Upstart’s free cash flow clocked in at $104.6 million in Q4, equivalent to a 35.3% margin. Its cash flow turned positive after being negative in the same quarter last year
Looking forward, analysts predict Upstart will generate cash on a full-year basis. Their consensus estimates imply its free cash flow margin of negative 18.2% for the last 12 months will increase to positive 17%, giving it more optionality.
11. Balance Sheet Assessment
As long-term investors, the risk we care about most is the permanent loss of capital, which can happen when a company goes bankrupt or raises money from a disadvantaged position. This is separate from short-term stock price volatility, something we are much less bothered by.
Upstart burned through $189.6 million of cash over the last year. Although the company has $1.85 billion of debt on its balance sheet, we think its $1.06 billion of cash gives it enough runway (we typically look for at least two years) to prioritize growth over profitability.

12. Key Takeaways from Upstart’s Q4 Results
We were impressed by Upstart’s optimistic full-year revenue guidance, which blew past analysts’ expectations. We were also happy its revenue outperformed Wall Street’s estimates. Overall, we think this was a solid quarter with some key areas of upside. The stock traded up 4.9% to $41.20 immediately after reporting.

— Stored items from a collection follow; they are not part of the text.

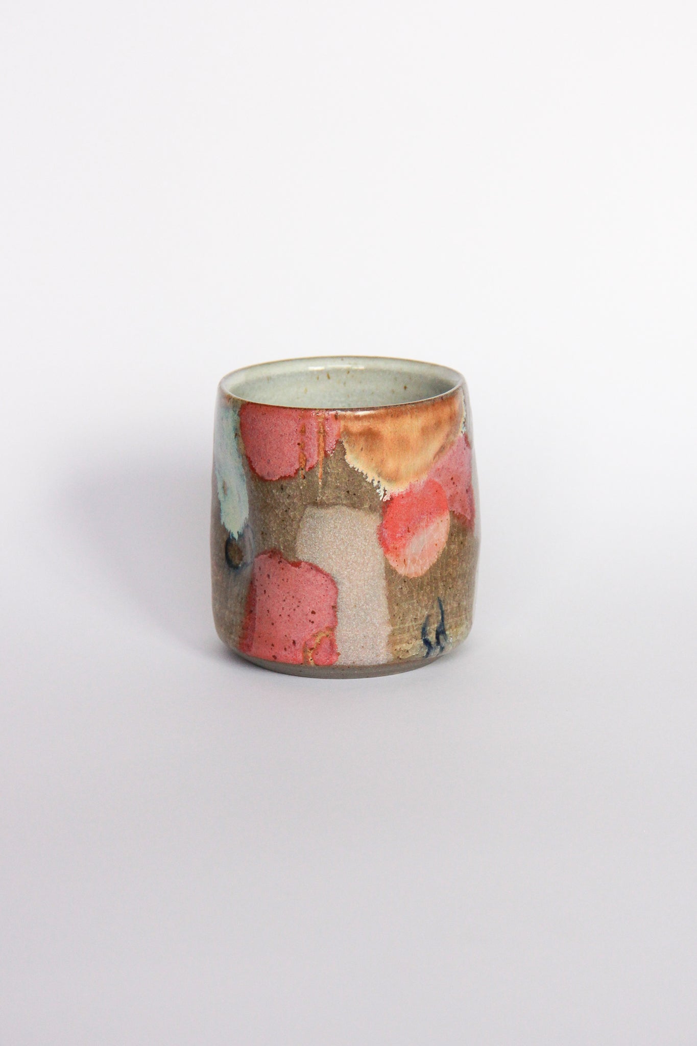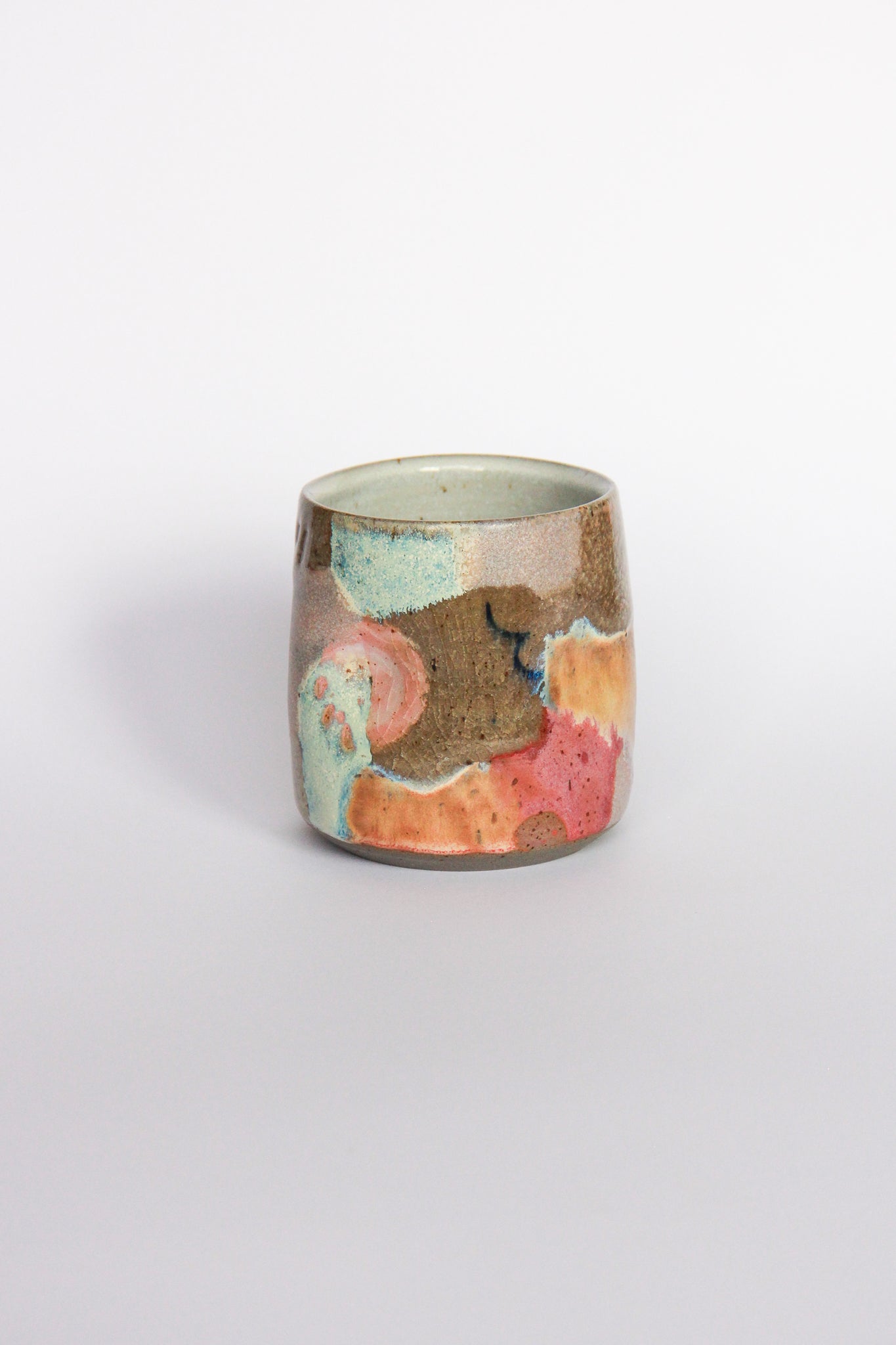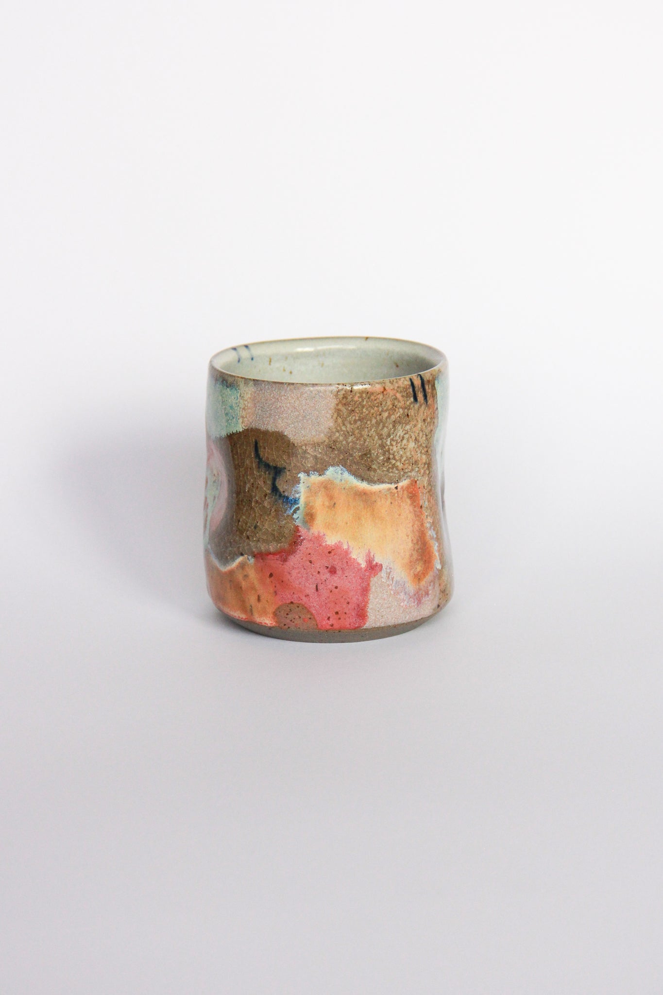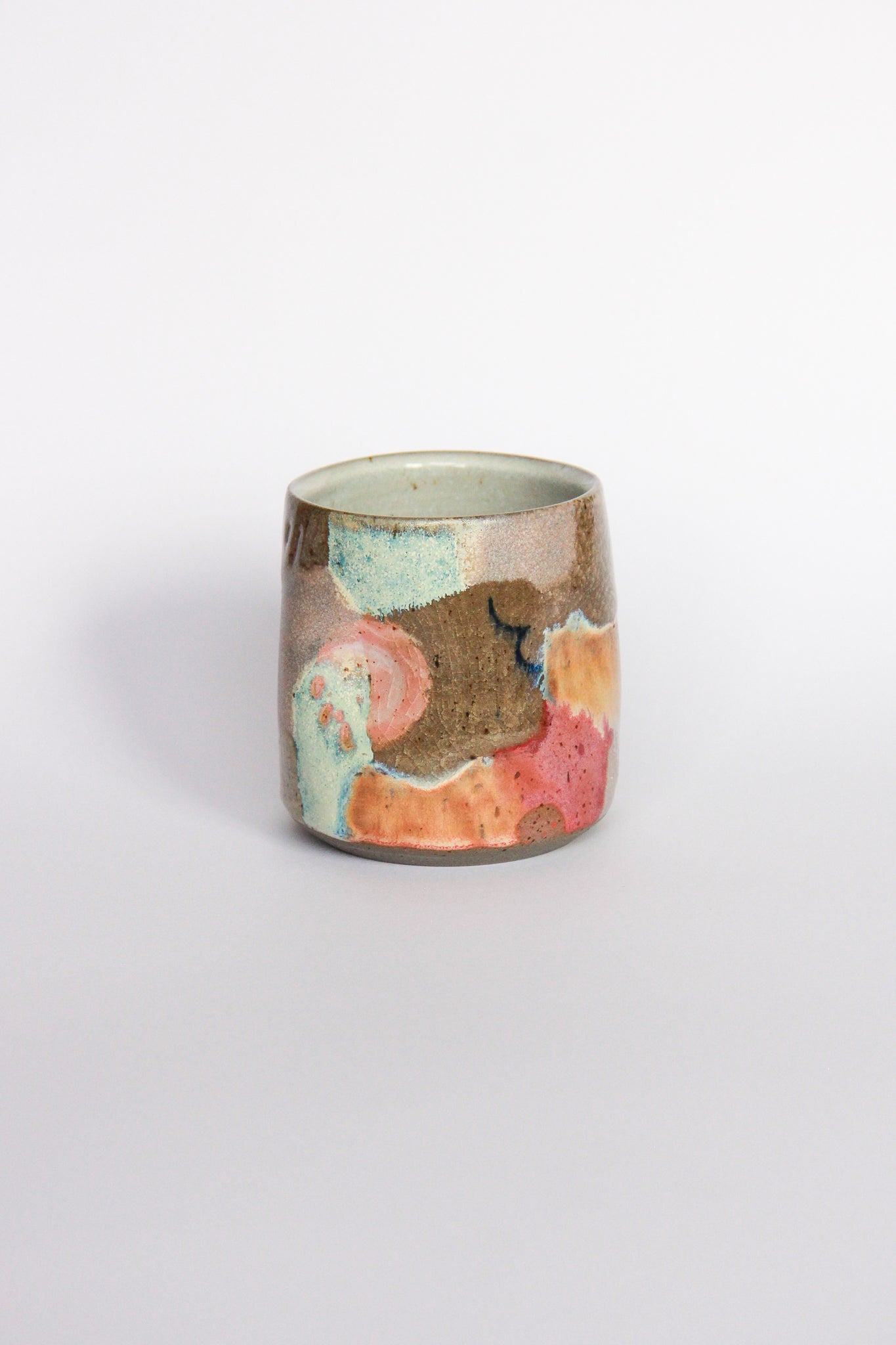 Each cup is wheel-thrown and gently altered by hand, creating subtle shifts in form that sit comfortably in the palm. Layered glazes move across the surface, allowing colour to pool, break and settle differently on every piece.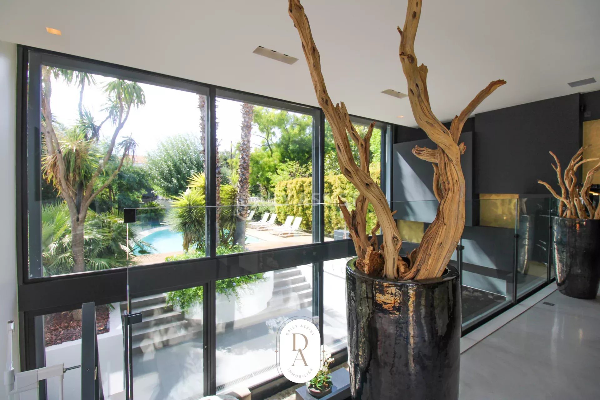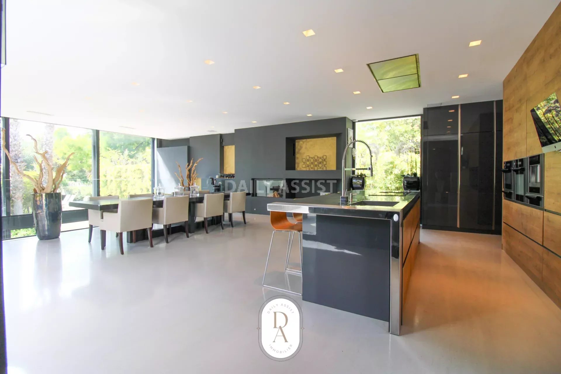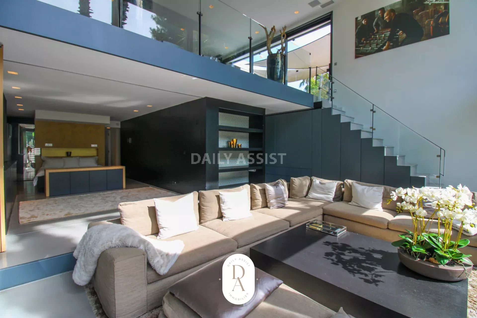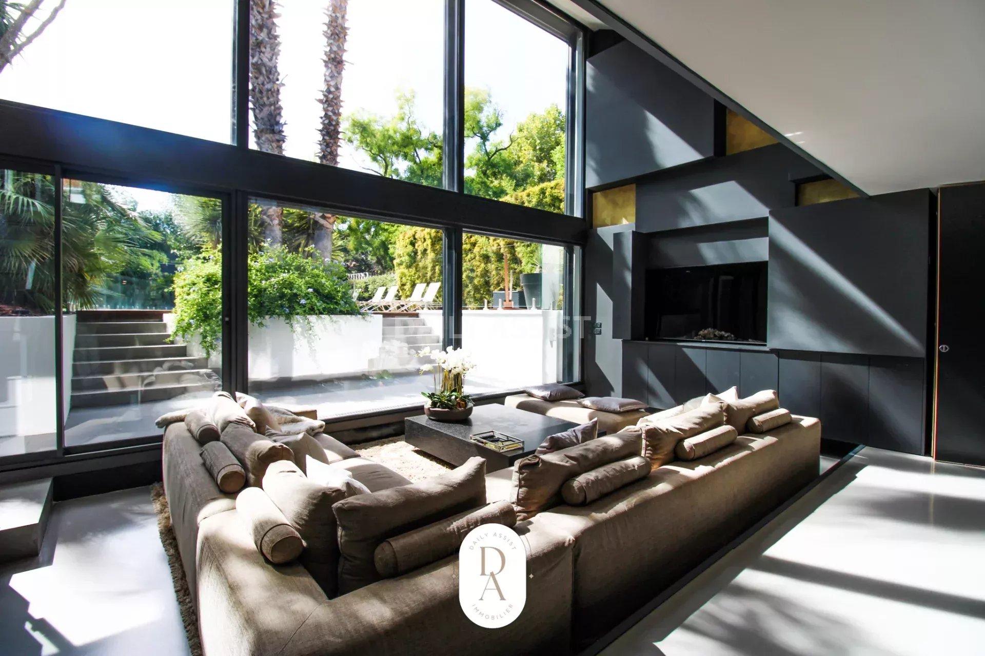 EXCLUSIVITE. LA CALIFORNIENNE est une villa contemporaine dans une copropriété sécurisée très recherchée du 8ème arrondissement, Le Parc Marveyre. Située au bout d'une allée, vous serez charmés dès l'entrée dans le joli jardin arboré par son calme et sa sérénité. Une grande pièce de vie de 58m2 très lumineuse grâce à ses immenses baies vitrées. L'une d'elle s'ouvre sur une belle terrasse ombragée. L'autre, de la hauteur de la maison, donne sur le jardin et la piscine. Une très belle cuisine avec îlot central est aménagée de très nombreux rangements qui vous conduisent sur l'arrière-cuisine et la buanderie. Un bel escalier vous amène en bas sur un salon et une master room (séparée du salon par une porte accordéon isolée phoniquement) son grand dressing et sa salle de bain et une chambre d'amis/bureau. La baie vitrée vous amène sur le jardin, la piscine et une salle de sport de 20m2. Le dernier étage abrite deux chambres de 16m2 qui bénéficient d'un grand solarium, et une belle salle de bain avec baignoire et douche, ainsi que d'un espace lecture/bureau. Le terrain de 1436m2 est un havre de paix. Entièrement engazonné, il est complanté de beaux arbres et d'immenses palmiers. Enfin, une jolie piscine sécurisée par des panneaux de verre et sa plage de bois vous invitera au farniente. Toute la CALIFORNIENNE est domotisée, et vous offrira toute la sécurité et le confort dont vous rêvez.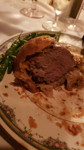 My husband had the pork belly, which was supposed to be warm but it was served to him with multiple pieces cold. While in contrast my beef wellington, which was requested rare, was drastically overcooked and tough. It tasted like a chunk of roast beef was used instead of a filet. I was quite disappointed, as I have made better tasting, cheaper cuts of steak at home and honestly I've fed my dogs nicer steaks than that. The pork belly entree was $56 and the wellington $44, for that price I would expect significantly higher quality in both the ingredients and preparation of the food.

13. Is Now The Time To Buy Upstart?
Updated: February 10, 2026 at 9:19 PM EST
Are you wondering whether to buy Upstart or pass? We urge investors to not only consider the latest earnings results but also longer-term business quality and valuation as well.
Upstart is a fine business. First off, its revenue growth was exceptional over the last five years. And while its customer acquisition is less efficient than many comparable companies, its expanding operating margin shows it’s becoming more efficient at building and selling its software. On top of that, its transaction volumes have soared, showcasing high user engagement and robust platform activity.
Upstart’s price-to-sales ratio based on the next 12 months is 3.4x. Looking at the software landscape right now, Upstart trades at a pretty interesting price. If you trust the business and its direction, this is an ideal time to buy.
Wall Street analysts have a consensus one-year price target of $56.64 on the company (compared to the current share price of $38.77), implying they see 46.1% upside in buying Upstart in the short term.